Backing a queue resource with memory requires a test to call the appropriate public Init() method of that resource. There are currently two methods and they allow this backing using discontiguous or contiguous memory, but not both at the same time. Discontiguous memory backing requires tnvme to allocate a MemBuffer resource and specify the alignment requirements for it to consume. Contiguous memory backing is only possible by authorizing dnvme to allocate the memory on tnvme’s behalf and subsequently mmap that back to user space as r/w memory. Hence, no matter what type of memory is backing a queue resource, tnvme has the ability to peek into it. An important note here is to point out that peeking into queue memory is the proper way to reference it, never should tnvme directly write into memory backing a queue. The framework is not meant to allow this, and doing so will most certainly cause uncertain behavior. The framework attempts to guard against writing to memory backing a queue by providing public assessors which return a const memory pointer. But often enough there are ways to circumvent all software constraints..

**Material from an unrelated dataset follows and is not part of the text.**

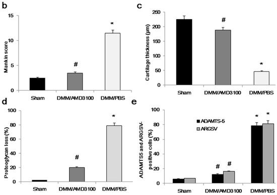 Safranin orange staining and immunohistochemistry revealed typical signs of proteoglycan loss and severe cartilage damage accompanied by enhanced ADAMTS-5 and aggrecan neoepitope (374ARGSV) expression in the affected knees of DMM/PBS-treated rats. These effects were significantly lower in the knee cartilage of both DMM/AMD3100-treated rats and sham controls (Figure 2a). Using the Mankin score, the degree of OA damage in each of these three groups was quantified by three blinded observers. Mankin scores were significantly lower (3.5 points; p < 0.05) in the DMM/AMD3100-treated group than in the DMM/PBS-treated rats (11.5 points); no significant differences were found between the DMM/AMD3100-treated group and sham controls (p > 0.05; Figure 2b). Samples collected from DMM/PBS-treated rats also exhibited a significant reduction in cartilage thickness (Figure 2c), along with a substantial loss of proteoglycans (Figure 2d). AMD3100 treatment was largely protective against OA-like changes, as reflected by the low Mankin scores in this group (Figure 2b), along with greater preservation of cartilage thickness (Figure 2c). Quantification of safranin orange-stained cartilage in affected rat knees revealed a 78.9% decrease in proteoglycan loss among DMM/AMD3100-treated rats compared to the DMM/PBS-treated group (Figure 2d). Furthermore, ADAMTS-5 expression in the affected knees was largely inhibited by AMD3100 (p < 0.05; Figure 2e).

After a queue resource has been initialized it can be used immediately if it is an ASQ or ACQ. Of course the controller must first be enabled. However, if the queue object is an IOQ type, then an admin command must be sent to the DUT which allows the 2nd half of creation to proceed. If this creation command succeeds, then tnvme may use it to issue commands. Otherwise do not send commands because it wasn’t really created. In fact, dnvme cleans up all allocations associated with an unsuccessful creation when that command is completed, successfully or in failure, by a DUT, but not until tnvme reaps the Completion Element (CE) from the CQ. If the 2nd half of creation is unsuccessful, you will have to start all over by reinitializing the queue object if you intend on using it again.

The different queue types have different public assessors depending upon the role they play and what makes sense to allow. For example, the proper way to write into a SQ is to send a command to it by calling public method SQ::Send(). CQ’s should only ever be written to by the DUT itself. tnvme must only ever reap elements from CQ’s by 1st calling any of the CQ::ReapInquiry() methods to learn if there are elements to be reaped. Subsequently calling CQ::Reap() will physically reap as many items from the CQ as you so desire, you are not obligated to reap all elements.